Implement a simulation of Conway’s Game of Life in uC. Your implementation should be on a finite grid. Edge cells have fewer neighbors but should otherwise follow the same rules as any other cell.

Complete the implementation of the simulate() function in life.uc. You may define any helper functions and structs you need.

When printing the grid, you should first print a line consisting of $$cols + 2$$ dashes (-). Each row should then start and end with a pipe (|), each live cell should be printed as an asterisk (*), and each dead cell should be printed as a space. Finally, print another line consisting of $$cols + 2$$ dashes followed by another empty line.

We have provided a test case in the main() function and the expected output in life_test.out. Compile and run your code with:

$python3 ucc.py -C life_test.uc$ g++ --std=c++17 -I. -o life.exe life.cpp
$./life.exe  Alternatively, you can use the Makefile to compile and test life.uc: $ make life


This phase is optional and will not be graded.

# Testing and Evaluation¶

We have provided a small number of test cases in the distribution code. However, the given test cases only cover a small number of possible uC constructs, so you should write extensive tests of your own.

We will evaluate your compiler based on whether the generated code is a valid C++ translation whose behavior matches that expected from the uC source. Thus, we will run a valid uC source file through your compiler to produce the output C++ code. For Phases 1, 2, and 3, we will combine your output with our own C++ test code that relies on the output being correct. For Phases 1 and 2, we will compile with g++ -c, without linking, to ensure that the declarations are correct. For Phase 3, our test code will use assert statements to test that your generated type definitions are correct. For Phases 4 and 5, we will compile your generated code with g++, and run it and check that the output matches what is expected.

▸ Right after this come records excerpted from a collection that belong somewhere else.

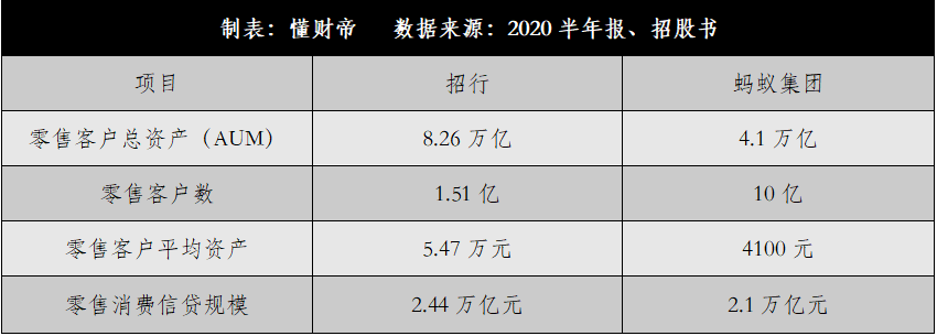 以零售之王招行为例,招行零售用户数1.51亿,零售总资产8.26万亿。而蚂蚁零售用户10亿,零售总资产4.1万亿。
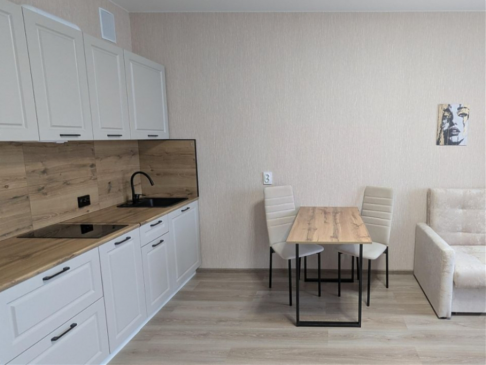 Есть все необходимое для комфортного проживания: раскладной двухспальный диван, шкаф с удобным хранением, гардеробная, кухонный гарнитур с подсветкой и вытяжкой, врезная варочная панель, большой холодильник, стиральная машина, телевизор.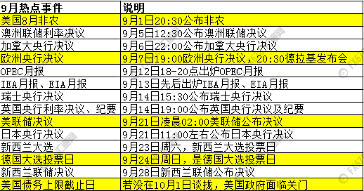 特別提醒:黃色框為9月熱點事件中的重點,此外,9月還需要特別關注朝鮮局勢、特朗普政策及白宮動盪對市場的影響。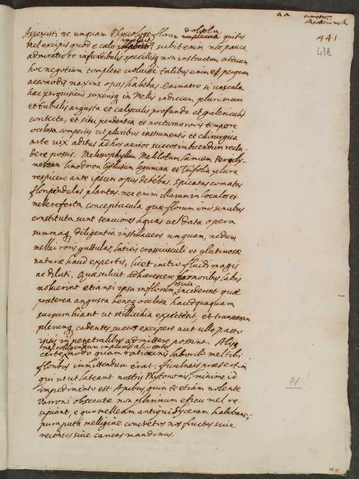 67. Sulla consistenza e la natura del miele nella fase di deposito, precedente a quella della raccolta, erano state avanzate diverse ipotesi dagli antichi naturalisti. Cesi riprende e rielabora qui quella pliniana, secondo la quale, al momento della caduta dal cielo, il miele apparirebbe «liquido come l'acqua», fermentando e purificandosi progressivamente soltanto dopo la sua deposizione, fino al punto di farsi denso e di essere ricoperto da una leggera membrana, prodotta dal processo di solidificazione della stessa fermentazione (Plinio, NH XI, 13, 32).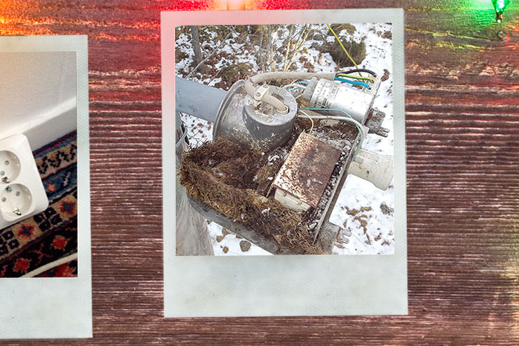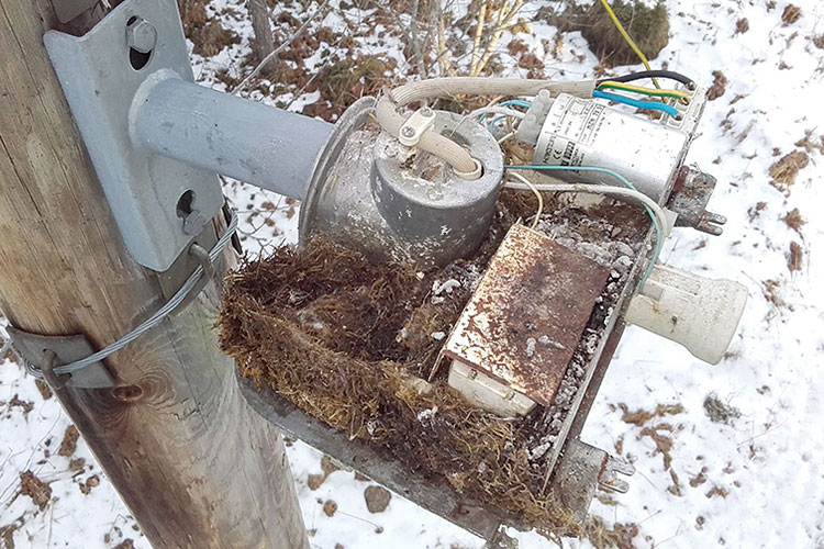 Troligtvis kortis i drosseln, så jag fick åka dit med skyliften och reparera felet. Blev lite paff när man hittar ett fågelbo inne i armaturen.”

Your generated C++ code itself does not have to exactly match ours. However, its behavior must match the behavior of our C++ code.

We will not test your compiler with erroneous uC code.

For Phases 4 and 5, we will run your generated code through valgrind to ensure that fields are properly default initialized. The provided Makefile invokes valgrind if it is present. This can be disabled (e.g. if your valgrind installation is broken) by setting VALGRIND="":

\$ make phase5 VALGRIND=""


The grade breakdown for this project is as follows:

• 20% checkpoint

All code that you write for the interpreter must be placed in the files ucbackend.py, ucbase.py, ucexpr.py, ucfunctions.py, ucstmt.py, uctypes.py, or expr.h. We will test all seven files together, so you are free to change interfaces that are internal to these files. You may not change any part of the interface that is used by ucc.py or ucfrontend.py.
Submit all of ucbackend.py, ucbase.py, ucexpr.py, ucfunctions.py, ucstmt.py, uctypes.py, expr.h, and any of your own test files to the autograder before the deadline. We suggest including a README.txt describing how to run your test cases.